Neurons play distinct roles at different stages of epileptic seizures

March 28th, 2011 - 5:30 pm ICT by ANI  

Washington, Mar 28 (ANI): A new study has found that epileptic seizures begin with extremely diverse neuronal activity - contrary to the classic view that they are characterized by massively synchronized activity.

The investigation by Massachusetts General Hospital (MGH) and Brown University researchers also observed pre-seizure changes in neuronal activity both in the cells where seizures originate and in nearby cells.

“Our findings suggest that different groups of neurons play distinct roles at different stages of seizures,” says Sydney Cash, of the MGH Department of Neurology, the paper’s senior author.

“They also indicate that it may be possible to predict impending seizures, and that clinical interventions to prevent or stop them probably should target those specific groups of neurons.”
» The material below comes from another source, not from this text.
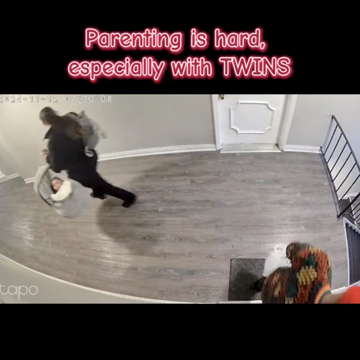 双子と一緒に外出した夫婦……。玄関先の防犯カメラの映像が話題です。

Epileptic seizures have been reported since ancient times, and today 50 million individuals worldwide are affected; but much remains unknown about how seizures begin, spread and end.

This study used a neurotechnology that records the activity of individual brain cells via an implanted sensor the size of a baby aspirin.

The researchers analyzed data gathered from four patients with focal epilepsy - seizures that originate in abnormal brain tissues - that could not be controlled by medication.

The participants had the sensors implanted in the outer layer of brain tissue to localize the abnormal areas prior to surgical removal.

The sensors recorded the activity of from dozens to more than a hundred individual neurons over periods of from five to ten days, during which each patient experienced multiple seizures.

In some participants, the recordings detected changes in neuronal activity as much as three minutes before a seizure begins and revealed highly diverse neuronal activity as a seizure starts and spreads.

The activity becomes more synchronized toward the end of the seizure and almost completely stops when a seizure ends.